Stress is an important complex physiological systems response aimed to prepare the body to handle the challenge(s) presented by an internal or external environment – a stressor or their combination. While a stress response to acute stressor is usually helpful to cope with the given challenge, a chronic exposure to long lasting stressors mostly of the psychological or social kinds can lead to cumulative physiological and psychological effects, resulting in the increasing risk of health problems including cardiovascular disease, metabolic disease, weakening of immune response, digestive problems and various psychological consequences. Dysregulation of the autonomic nervous system, potentially leading to a cascade of physiological effects that worsen individual health conditions is one of the crucial mechanisms of above mentioned associations. Early stress detection and its severity quantification are thus crucial not only to avoid potentially irreversible damage, but also to promote mental health and well-being in various daily-life contexts (e.g. at work or at home).
The widespread use of non-invasive and cost-effective wearable devices, combined with more efficient and available computational resources and enhanced signal processing techniques, is paving the way towards a real-time objective stress recognition using biosignals recording and analysis. Recently, methods from dynamical systems and information-theory, capable to quantify the changes in the dynamical interactions between various components of the controlled systems (according to the so-called “Network Physiology” approach), have been exploited for multilevel stress assessment. At the same time, many studies have demonstrated the feasibility of performing stress classification using artificial intelligence algorithms, including both machine and deep learning (either utilizing supervised or unsupervised approaches). These recent trends have resulted in promising results not only for stress recognition and classification, but also to better elucidate the complexity of physiological responses to stress.
This Research Topic aims at promoting investigation of methodological approaches derived from advances in bioelectronics, biosignal processing and artificial intelligence, as well as in basic and integrative physiology and clinical medicine, to provide insight on stress recognition and classification in network interactions of physiological systems from biosignals.
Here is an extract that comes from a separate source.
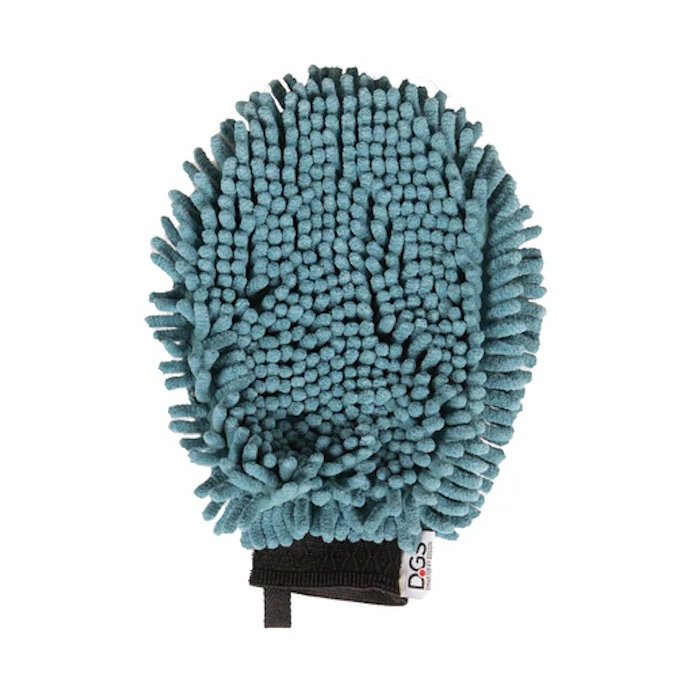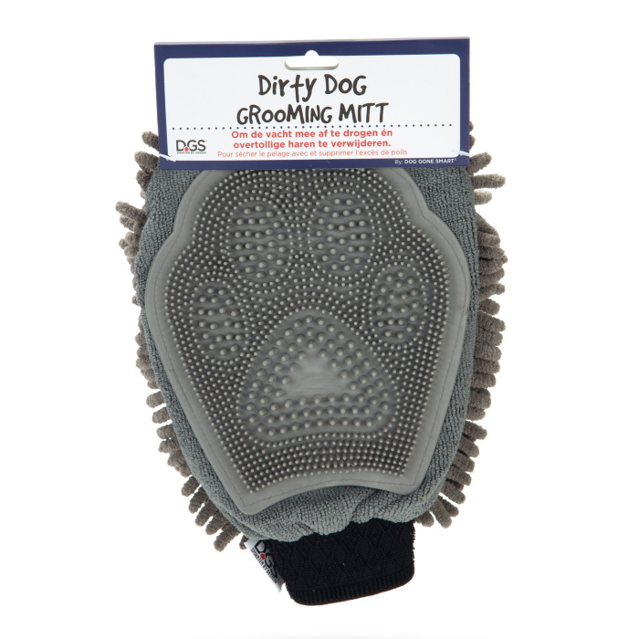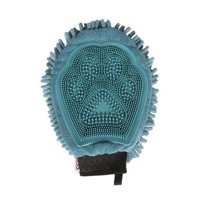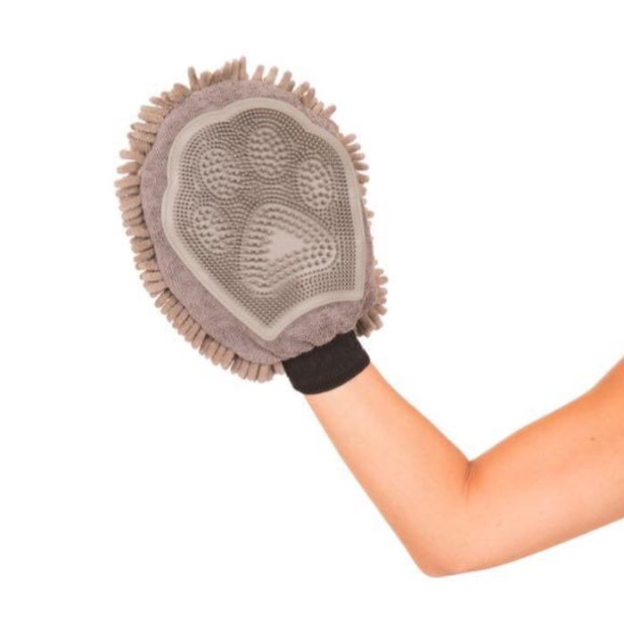 The soft and gentle hand mitt dries your dog and removes excess hair.

Therefore, we solicit reviews, systematic reviews, mini-reviews, original research articles, brief research or case reports, opinions, perspectives or general commentaries, and method papers which cover (but are not limited to) the following themes:
• current advances in the development of experimental protocols for stress elicitation;
• innovative hardware equipment for non-invasive recording of multimodal biosignals;
•novel signal processing and time series analysis methods;
• supervised and unsupervised machine learning and deep learning algorithms;
• dynamics networks approaches for assessing the effects of stress on physiological systems and their interactions.
Within these scopes, a particular emphasis will be devoted to the more detailed description and quantification of the physiological responses to stressors of different types and intensities, produced by a complex interplay of nervous, endocrine, immune and other systems involved in the stress response.
Keywords:
Stress, biosignals, wearable devices, machine learning, deep learning, time series analysis, autonomic nervous system, dynamic interactions, Network Physiology
Important Note:
All contributions to this Research Topic must be within the scope of the section and journal to which they are submitted, as defined in their mission statements. Frontiers reserves the right to guide an out-of-scope manuscript to a more suitable section or journal at any stage of peer review.